Era nítido a vergonha que ainda causava ao rei, afinal passei uma semana enfurnada não podendo nem conhecer as ruas de Áster, Scarlet dizia que Aidan não se sentia pronto para apresentar-me a nação ásterniana, uma herdeira sem classe não seria bem vista para o povo, aquilo me abalava de uma maneira que eu não queria. Desde sempre aprendi a não depender da aceitação de ninguém, mas por qual razão precisava ser aceita por ele?

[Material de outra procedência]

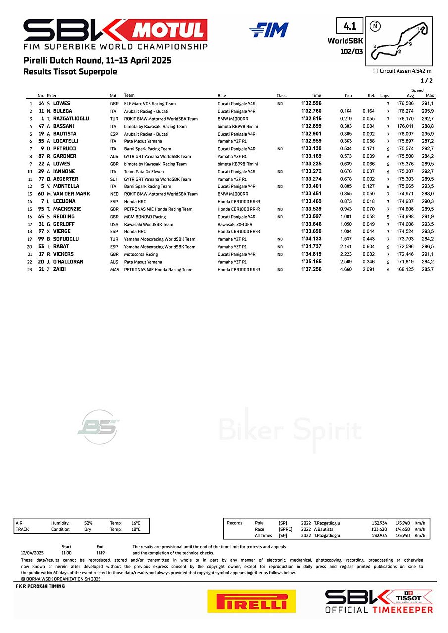 Ο Βρετανός αναβάτης, με χρόνο 1:32.596 και είχε διαφορά μεγαλύτερη από ένα δέκατο από τον πρωτοπόρο του πρωταθλήματος Nicolo Bulega (Aruba.it Racing – Ducati), με τον Toprak Razgatlioglu (ROKiT BMW Motorrad WorldSBK Team) να βρίσκεται στην τρίτη θέση για τον ολλανδικό γύρο του 2025.

Ignorei qualquer coisa que Zander viesse a falar seguindo para um corredor com a intenção de não transparecer a minha revolta de estar aqui e não poder ser quem era, não fui criada em Áster, então claramente não possuía os costumes do lugar, as poucas coisas que sabia foram as que li, ou as que Scarlet me contou. Parei de caminhar sentindo lágrimas descerem pelo meu rosto, encostei minha cabeça na parede fechando os olhos com força, aquilo estava virando uma tortura, ser tradada como alguém que viveu uma vida inteira errada e precisava ser corrigida.

—Por que estou aqui? — pergunto para Zander, seu perfume invadiu o ambiente, então havia ficado claro que tinha me seguido. Respirei fundo abrindo os olhos para o encarar e lá estava ele com aquele olhar frio e a expressão indiferente, eu não tinha seu ódio, mas tinha seu aparente desprezo. — Para saber com qual colher se come salada? — debocho limpado meu rosto molhado com certa agressividade.

—Aqui não comemos salada com colher e sim com garfo. — ironizou com um sorriso de lado, ele pôs suas mãos nos bolsos da calça caqui voltando aquele olhar sério.

—Ótimo. Agora lembrei dessa informação tão importante. Mas ela não é nada necessária quando não se sabe nada sobre Áster, não faz diferença se gosto de comer salada com colher ou garfo, afinal eu nem gosto de comer salada. — questionei farta de todo aquele joguinho sarcástico que fazíamos, estava farta de não ter a mínima ideia de onde estava. — Não quero ser moldada segundo as regras daqui. Eu quero viver sentimentos que só Áster me permita sentir e acredito que não vá conseguir isso em uma mesa de chá.

—Brianna, acredite, eu entendo você, seguir regras nunca foi meu forte, porém precisei aprender, mas até hoje duvido de coisas que fui ensinado a ser ou fazer, só que ás vezes não se tem muita escolha. —disse caminhando em minha direção. Quando já estava perto o suficiente, senti seus dedos tocarem meu rosto e inevitavelmente meus olhos se fecharam, as pontas de seus dedos eram quentes e macias, como eu havia imaginado. Sua presença era imponente e a minha parecia insignificante, tanto que nem percebi que segurava minha respiração. —Não quero que siga todas as regras, quero apenas que entenda que se revoltar agora contra o rei não irá mudá-las. — seu polegar acaricia de maneira terna minha bochecha fazendo borboletas em meu estômago ficarem agitadas dando-me a impressão de euforia total. —Por isso, como conhecedor das regras, mas não seguidor fiel de todas elas, irei levá-la para conhecer o belo país do qual é herdeira. Porém eu não sou bom e não irei agir com bondade, certo alteza? —finalmente abro meus olhos diante da sua proposta, minha insanidade concordava com toda sua fala, mas minha consciência não, ele sempre agiu de maneira indiferente, o que havia mudado?

—Você ia ser rei e não é bom? — pergunto encarando seus belos olhos verdes, ele era indecifrável, suas ações sempre me pareceram imprevisíveis.

—É por isso que tenho um ponto de equilíbrio. — respondeu dando um passo para trás se recompondo, fiz o mesmo suspirando fundo. — Não irei participar do jantar esta noite com os parentes do rei, então temos das seis até às oito para conhecer um pouco do que é Áster. Seja sigilosa. — avisa com a seriedade voltando a reinar em seu semblante. Ignorei os batimentos acelerados do meu coração com a ideia de quebrar uma regra da qual eu nem sabia a existência.